--- INPUT DATA ---

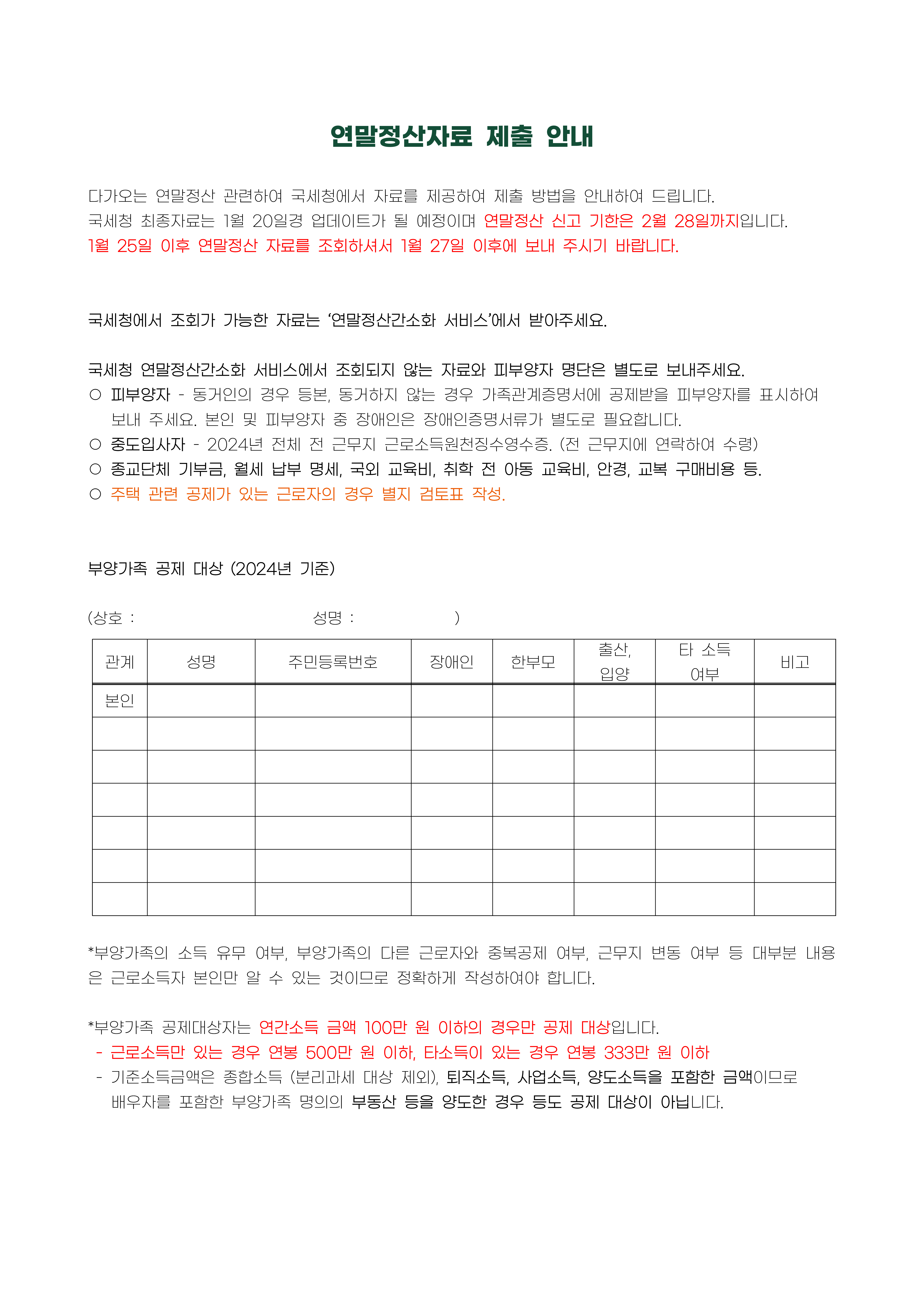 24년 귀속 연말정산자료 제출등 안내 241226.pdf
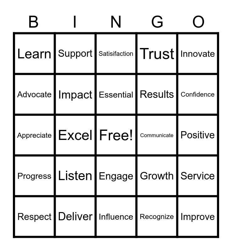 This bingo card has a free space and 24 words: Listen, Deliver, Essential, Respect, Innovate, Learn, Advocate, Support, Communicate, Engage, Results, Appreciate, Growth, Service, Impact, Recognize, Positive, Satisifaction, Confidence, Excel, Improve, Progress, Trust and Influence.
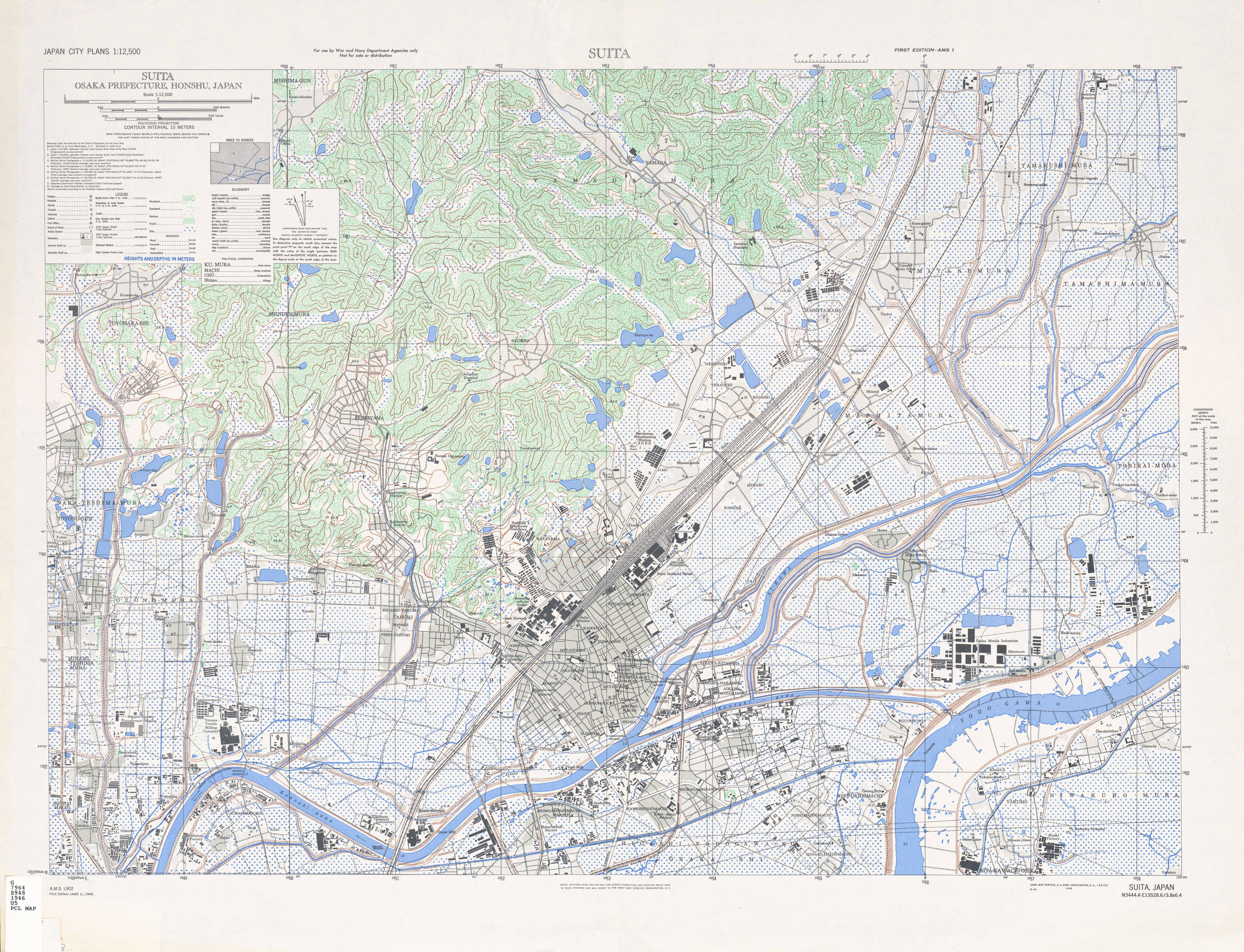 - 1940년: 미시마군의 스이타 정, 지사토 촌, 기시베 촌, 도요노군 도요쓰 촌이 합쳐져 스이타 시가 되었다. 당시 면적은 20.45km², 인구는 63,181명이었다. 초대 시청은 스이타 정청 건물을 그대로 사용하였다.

==

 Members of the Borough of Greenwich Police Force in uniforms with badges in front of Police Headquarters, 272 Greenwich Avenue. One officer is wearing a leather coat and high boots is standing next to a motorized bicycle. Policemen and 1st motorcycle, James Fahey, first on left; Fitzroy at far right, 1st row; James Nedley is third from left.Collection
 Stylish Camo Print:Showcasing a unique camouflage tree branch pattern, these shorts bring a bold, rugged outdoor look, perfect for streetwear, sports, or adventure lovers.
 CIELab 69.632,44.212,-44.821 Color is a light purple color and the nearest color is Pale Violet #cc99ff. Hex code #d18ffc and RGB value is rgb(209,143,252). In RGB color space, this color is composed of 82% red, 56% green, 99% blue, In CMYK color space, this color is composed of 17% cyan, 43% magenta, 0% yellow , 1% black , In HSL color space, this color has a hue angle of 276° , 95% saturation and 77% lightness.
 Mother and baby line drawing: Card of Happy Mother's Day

...

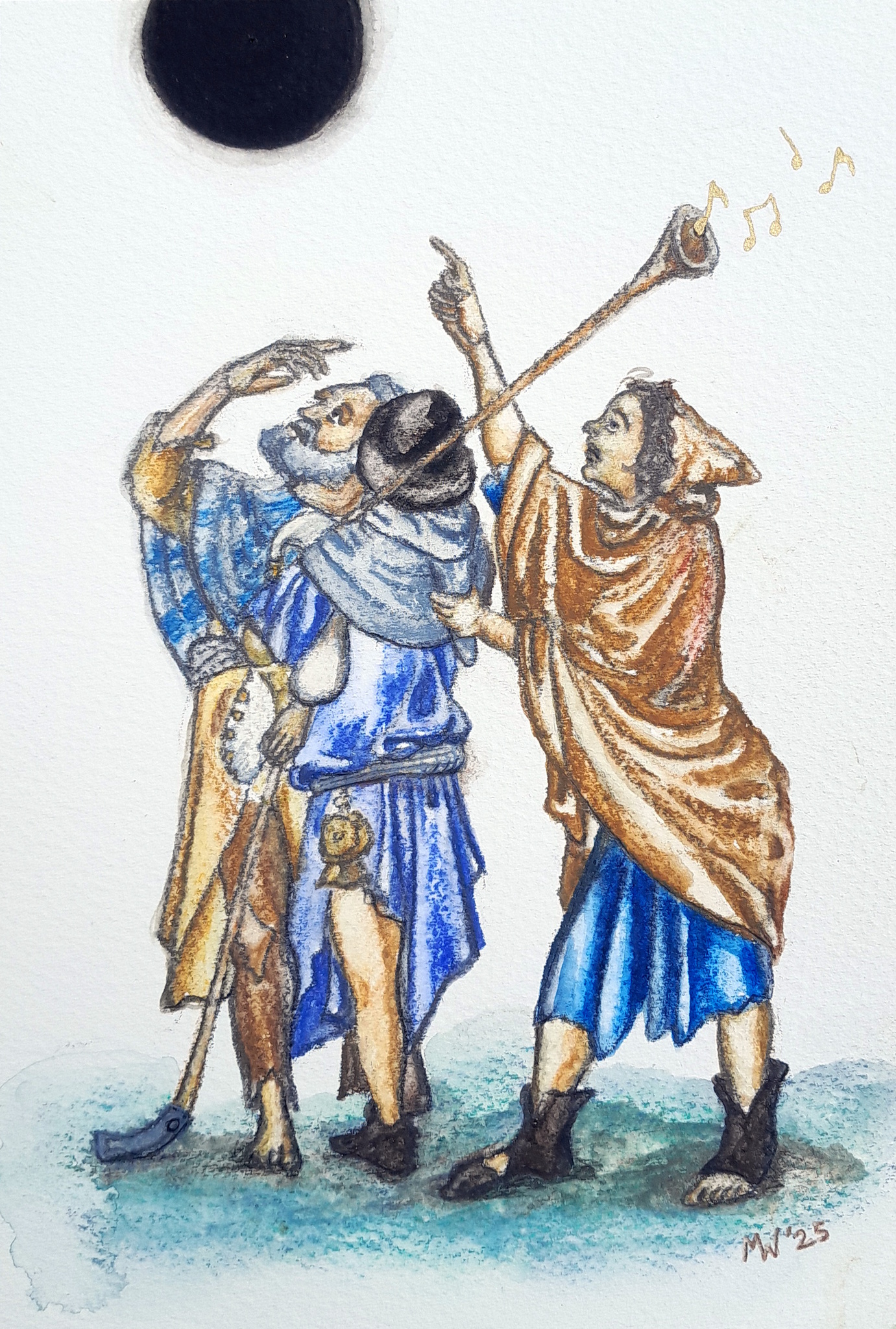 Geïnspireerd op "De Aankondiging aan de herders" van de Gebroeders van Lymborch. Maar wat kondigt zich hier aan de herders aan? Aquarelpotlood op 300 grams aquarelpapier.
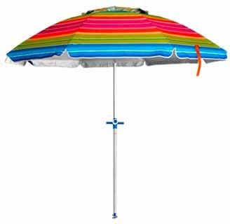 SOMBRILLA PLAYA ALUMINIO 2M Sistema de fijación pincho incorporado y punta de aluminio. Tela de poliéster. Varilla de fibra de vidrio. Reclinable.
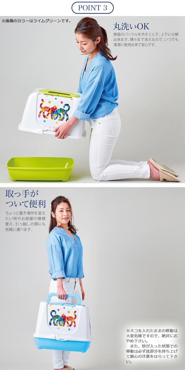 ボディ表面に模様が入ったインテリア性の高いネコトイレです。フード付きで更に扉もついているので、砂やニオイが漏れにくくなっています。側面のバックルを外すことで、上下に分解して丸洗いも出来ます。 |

--- ASSIGNMENT ---
Give again the stretch of the entries above that begins at the line with "24년 귀속 연말정산자료 제출등 안내 241226.pdf" and ends at the line with "- 1940년: 미시마군의", word for word, with no pictures.

--- REPLY ---
 24년 귀속 연말정산자료 제출등 안내 241226.pdf
 This bingo card has a free space and 24 words: Listen, Deliver, Essential, Respect, Innovate, Learn, Advocate, Support, Communicate, Engage, Results, Appreciate, Growth, Service, Impact, Recognize, Positive, Satisifaction, Confidence, Excel, Improve, Progress, Trust and Influence.
 - 1940년: 미시마군의 스이타 정, 지사토 촌, 기시베 촌, 도요노군 도요쓰 촌이 합쳐져 스이타 시가 되었다. 당시 면적은 20.45km², 인구는 63,181명이었다. 초대 시청은 스이타 정청 건물을 그대로 사용하였다.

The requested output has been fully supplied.